Sex differences in cognitive abilities are well documented. For instance, women excel at tasks involving fine motor skills and verbal fluency, whereas men excel at visuospatial abilities (Kimura and Hampson, 1993). One framework for understanding sex differences in cognitive functioning is the behavioral endocrinological approach that holds that sex differences often reflect the permanent effects of prenatal sex steroid hormones on brain structure and function (organizational effects) as well as the physiologic actions of circulating sex steroid hormones on brain structure and function in later life (activational effects).
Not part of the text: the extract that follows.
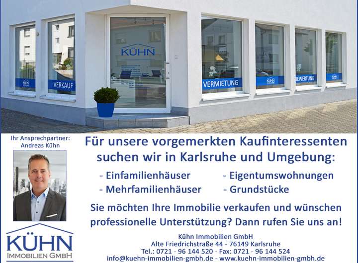In kurzer, fußläufiger Entfernung befindet sich die Straßenbahnhaltestelle „Rösselsbrünnle“ der Linie S2 mit Verbindung in die Karlsruher Innenstadt. In wenigen Fahrminuten mit dem Pkw erreichen Sie außerdem die Stadt Ettlingen sowie über die B36 die Stadt Rastatt.

In this context, an approach used in the field of behavioral endocrinology to study cognitive sex differences is to group tasks according to sex differences in normative samples, using a ‘male’ score comprised of tests on which males outperform females and a ‘female’ score for tests on which females on average perform at a higher level compared to males. This approach contrasts the standard approach of analyzing sex differences in cognitive domains (eg, memory, executive function) comprised of varying tests regardless of normative sex differences in the ability to perform them. The behavioral endocrinological approach has been used in studies examining influences of sex steroid hormones on cognitive performance. For example, a study examining the possible influence of estrogen on cognitive abilities in healthy young women demonstrated within-subject enhancements on a ‘female’ composite score during the high-estrogen phase of the menstrual cycle compared to the low-estrogen phase of the cycle (Hampson, 1990). Conversely, a study of male-to-female trans-sexuals found a decrease in performance on a ‘male’ composite score with estrogen supplementation and an increase on that composite score in female-to-male trans-sexuals following testosterone administration (Slabbekoorn et al, 1999). To date, this approach of grouping tests according to the direction of sex differences has not been used in studies of sex differences in cognitive functioning in untreated first-episode schizophrenia, or to our knowledge in the study of treatment effects on cognition in this disorder.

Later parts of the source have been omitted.